Climate Science by, Like, a Scientist

The opinions of politicians, singers and film stars on the state of the climate and what should be done about it, are eagerly sought by the populist press. As a partial consequence of this, the populist press is becoming less and less popular.

On the other hand, the ABC and other leftist media organisations are quick to dismiss climate realists who do not have science qualifications. According to them, if you are a climate alarmism sceptic, you only have the right to express your views if you have an advanced degree in a relevant field of science. And even then you don’t because your scepticism marks you out as ‘not a real scientist’ or ‘in the pay of the oil companies.’

Point out that science is not decided by consensus but by evidence, that every citizen has the right to discuss matters of public policy, and that in any case, there is no consensus amongst climate scientists that the world is warming in an unusual or alarming way, and you will be greeted by the equivalent of fingers poked in ears, looking away and shouting ‘I can’t hear you.’

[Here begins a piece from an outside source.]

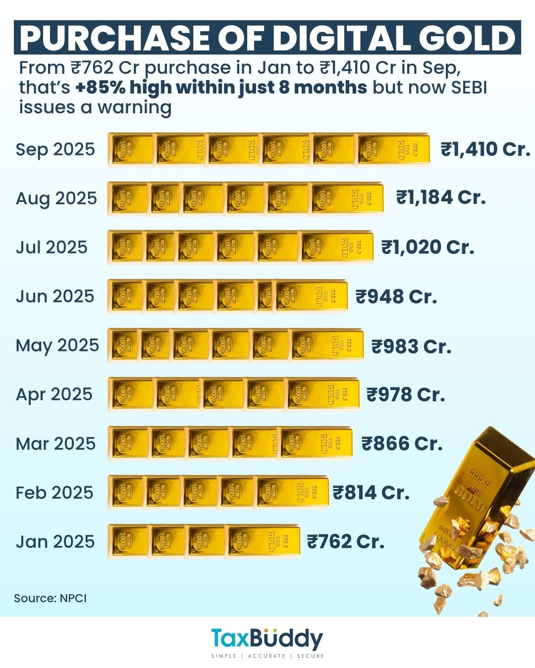 Indians bought over Rs 9,000 crore of digital gold in nine months, with monthly purchases rising from Rs 762 crore in January to Rs 1,410 crore in September 2025.As digital gold continues to gain traction across India’s investment landscape, regulators and tax experts are urging investors to fully understand the taxation framework and the risks associated with an increasingly popular yet largely unregulated product. The Securities and Exchange Board of India (SEBI) recently issued a fresh advisory warning consumers that digital gold does not fall under its jurisdiction, nor is it governed by the Reserve Bank of India (RBI) or any recognised commodity exchange. This leaves a vacuum of investor protection at a time when digital-gold transactions are hitting record highs.

If that doesn’t work, they will try to stop you speaking at all, suggest you be imprisoned or tattooed so everyone can see you coming and avoid you, or even suggest you should be gassed or your children blown up if you persist in your dangerous derangement.

This is derangement in the same sense that anyone in Germany who disagreed with Nazism, or in Soviet Russia with Stalin, was thought by the state to be deranged, and dealt with accordingly.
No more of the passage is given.